> _Your assignment_
An exact reproduction of all the data is needed, with no images in it.

> _Data segment_
-*-
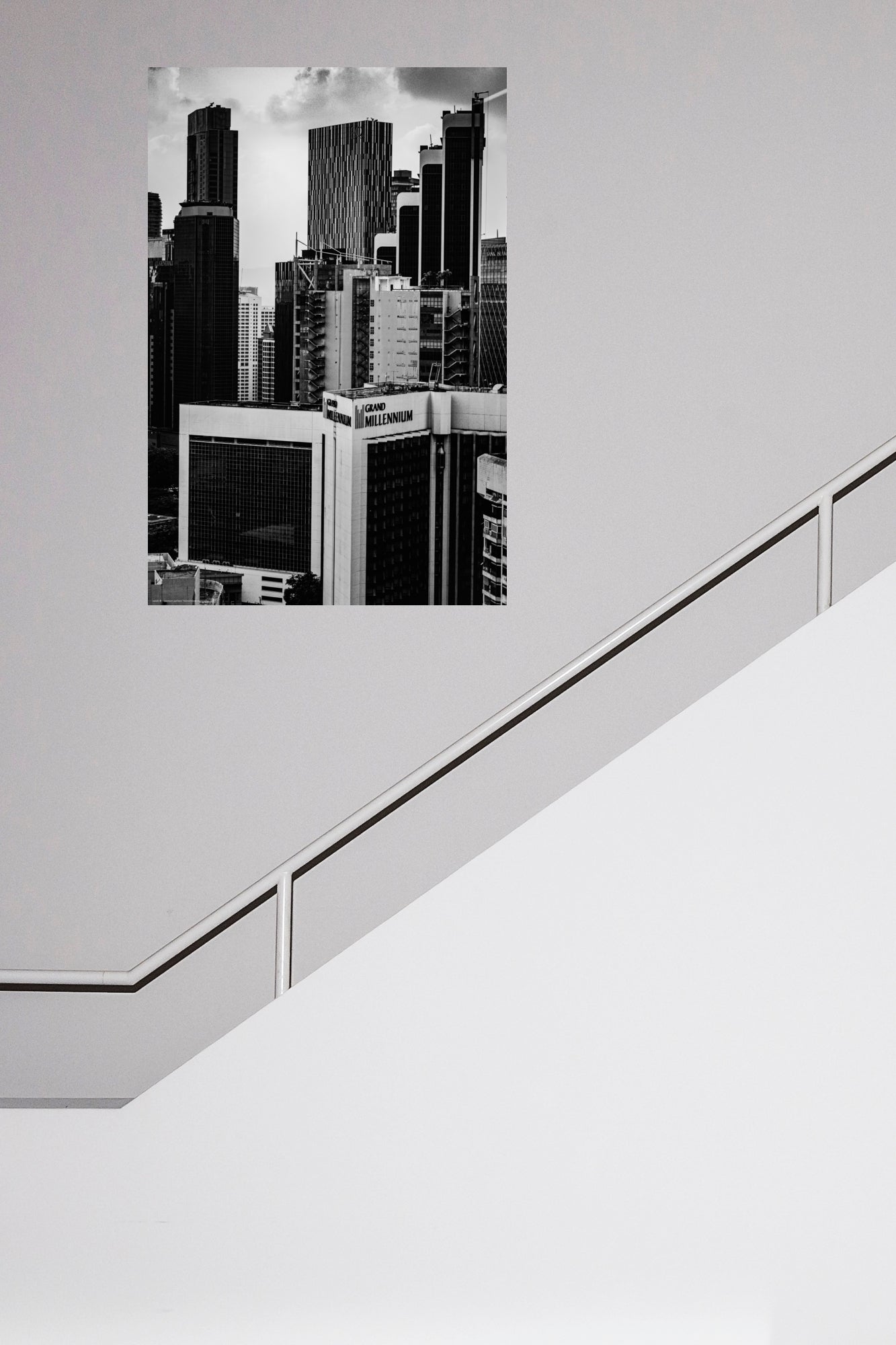 Holen Sie sich mit diesem eindrucksvollen Wandbild die zeitlose Eleganz moderner Architektur in Ihre Räume. Die Schwarz-Weiß-Fotografie fängt die Skyline von Kuala Lumpur in einem Moment purer Klarheit ein. Im Zentrum steht das ikonische Grand Millennium, umrahmt von den kontrastreichen Texturen und geometrischen Linien der umgebenden Wolkenkratzer (Fotograf: Christian Horenkamp, 2025).
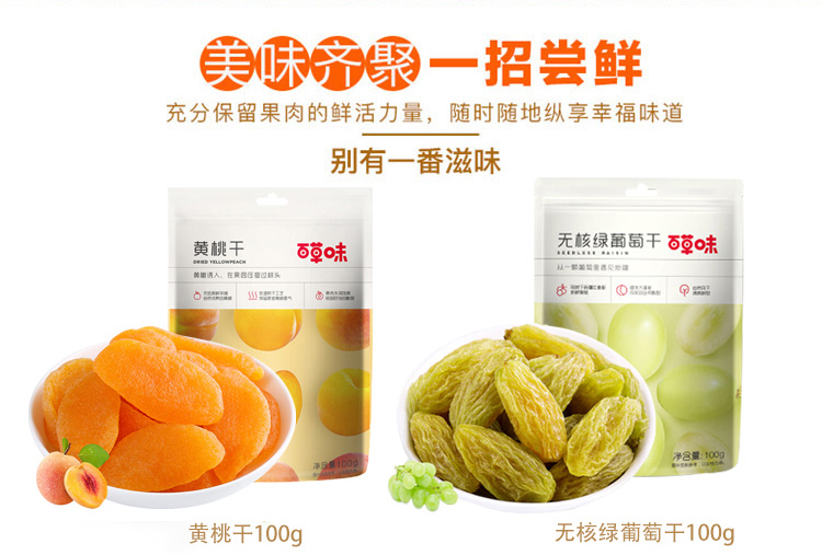 商品名称:百草味水果干组合200g葡萄干黄桃干芒果干零食大礼包网红下午茶休闲充饥夜宵
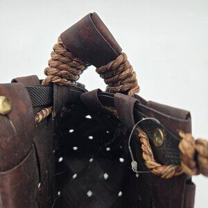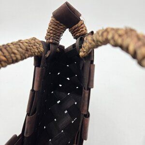 Dark Brown Wood Basket Weave Handbag Womens Medium Handles Coastal Cottagecore
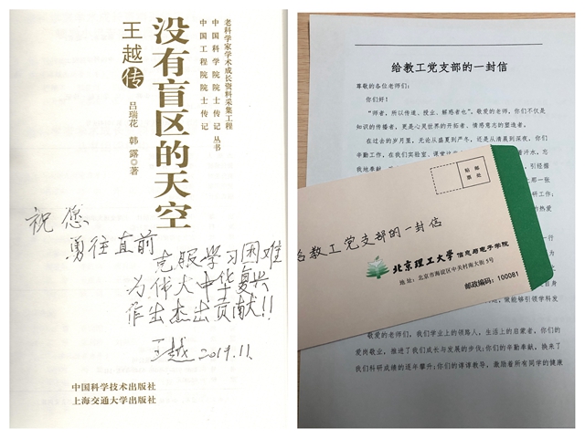 移步黨建工作室后,開啟了共建研討環(huán)節(jié)。運(yùn)用跨校區(qū)遠(yuǎn)程視頻會議系統(tǒng),實(shí)現(xiàn)了在中關(guān)村校區(qū)信息安全與對抗研究所教工黨支部、信息安全與對抗研究生第三黨支部與在良鄉(xiāng)得睿信書院本科生黨支部3個支部實(shí)時互動。活動中,黨建導(dǎo)師代表陶然、單濤,學(xué)生黨員代表周雨潺、王洋、楊傳敏、毛著章分別結(jié)合各自工作和學(xué)習(xí),圍繞“愛國奮斗”主題,交流分享感悟和心得。學(xué)生代表致信黨建導(dǎo)師表達(dá)感恩。活動中,參觀展覽環(huán)節(jié)講到的王越院士作為學(xué)院第一批黨建導(dǎo)師代表,向?qū)W生支部贈書,書上親筆提寫“祝愿勇往直前,克服學(xué)習(xí)困難,為偉大中華復(fù)興作出杰出貢獻(xiàn)!”勉勵學(xué)生愛國奮斗。
-*-
> _Task result_
 Holen Sie sich mit diesem eindrucksvollen Wandbild die zeitlose Eleganz moderner Architektur in Ihre Räume. Die Schwarz-Weiß-Fotografie fängt die Skyline von Kuala Lumpur in einem Moment purer Klarheit ein. Im Zentrum steht das ikonische Grand Millennium, umrahmt von den kontrastreichen Texturen und geometrischen Linien der umgebenden Wolkenkratzer (Fotograf: Christian Horenkamp, 2025).
 商品名称:百草味水果干组合200g葡萄干黄桃干芒果干零食大礼包网红下午茶休闲充饥夜宵
 Dark Brown Wood Basket Weave Handbag Womens Medium Handles Coastal Cottagecore
 移步黨建工作室后,開啟了共建研討環(huán)節(jié)。運(yùn)用跨校區(qū)遠(yuǎn)程視頻會議系統(tǒng),實(shí)現(xiàn)了在中關(guān)村校區(qū)信息安全與對抗研究所教工黨支部、信息安全與對抗研究生第三黨支部與在良鄉(xiāng)得睿信書院本科生黨支部3個支部實(shí)時互動。活動中,黨建導(dǎo)師代表陶然、單濤,學(xué)生黨員代表周雨潺、王洋、楊傳敏、毛著章分別結(jié)合各自工作和學(xué)習(xí),圍繞“愛國奮斗”主題,交流分享感悟和心得。學(xué)生代表致信黨建導(dǎo)師表達(dá)感恩。活動中,參觀展覽環(huán)節(jié)講到的王越院士作為學(xué)院第一批黨建導(dǎo)師代表,向?qū)W生支部贈書,書上親筆提寫“祝愿勇往直前,克服學(xué)習(xí)困難,為偉大中華復(fù)興作出杰出貢獻(xiàn)!”勉勵學(xué)生愛國奮斗。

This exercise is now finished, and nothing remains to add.